There has been no study stratifying patients according to CAD severity. It is probable that the relevance of TGF-β1 in CAD can only be detected in severe disease, or high concentrations of TGF-β1 from severe CAD may have a paradoxical effect [27, 30, 31].

In the correlation of TGF-β1 and SMAD3 levels with the risk factors of CAD, TGF-β1 is closely related to Lp(a) and uric acid, which both are considered to be markers of atherosclerosis, indicating that this cytokine may contribute to the establishment of CAD by regulating atherogenesis. SMAD3 levels correlated closely with blood glucose, implying that SMAD3 may influence CAD occurrence and the development of DM. Interestingly, it has been reported that risk factors including Lp(a), uric acid, BUN, triglycerides, and ApoA1 can be useful biomarkers for different clinical diagnoses [21, 32], but we found that TGF-β1 and SMAD3 were more sensitive biomarkers for CAD than those factors mentioned above.

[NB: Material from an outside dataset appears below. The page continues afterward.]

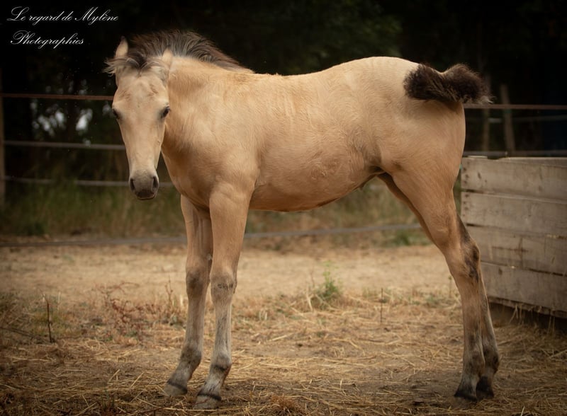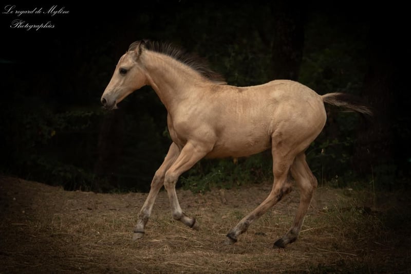 Olympe has found her family, and now it’s the turn of the charismatic Pluie d’Étoiles to find hers! Pluie d’Étoiles is a stunning, full-blooded crème-colored foal with a chocolate coat, born on May 4, 2025. Mother: Calanne des Dieux, a full-blooded, crème-colored, smoky bay mare with PRE origins. Father: Ice Dream One, a full-blooded quarter horse stallion with a cremello coat, approved for breeding, with crème-colored lineage. Expected height around 1.55–1.60 m. Curious, very affectionate, and human-oriented. Calm temperament with just the right amount of blood. Will be a versatile mare suitable for all disciplines: working equitation, flat riding, outdoor riding, TREC, Equifeel, Western, mountain trail, eventing, and even breeding, given her pedigree. Late, gradual weaning planned for early January 2026 (at 8 months), possibly February 2026. Herd-kept. Vaccinated, chipped, dewormed, and under veterinary care. Well-trained and familiar with age-appropriate groundwork (halter-trained, leads, gives feet, lunges). Can be seen with her mother near Toulouse. Transport available upon request. Price: €5,000 including VAT (reservation deposit of €1,000; the remaining balance can be paid in installments until weaning).

Serum TGF-β1 and SMAD3 levels are closely associated with CAD. The underlying mechanism may be their regulatory effects on atherosclerosis and blood sugar.

A limitation of the present study is that the control population differs from the cases, in terms of age and cardiovascular risk factors. The mean age difference (~5 years) should be acceptable in an epidemiologic study of CAD according to a previous report [6, 9]. CAD predominates in an older population.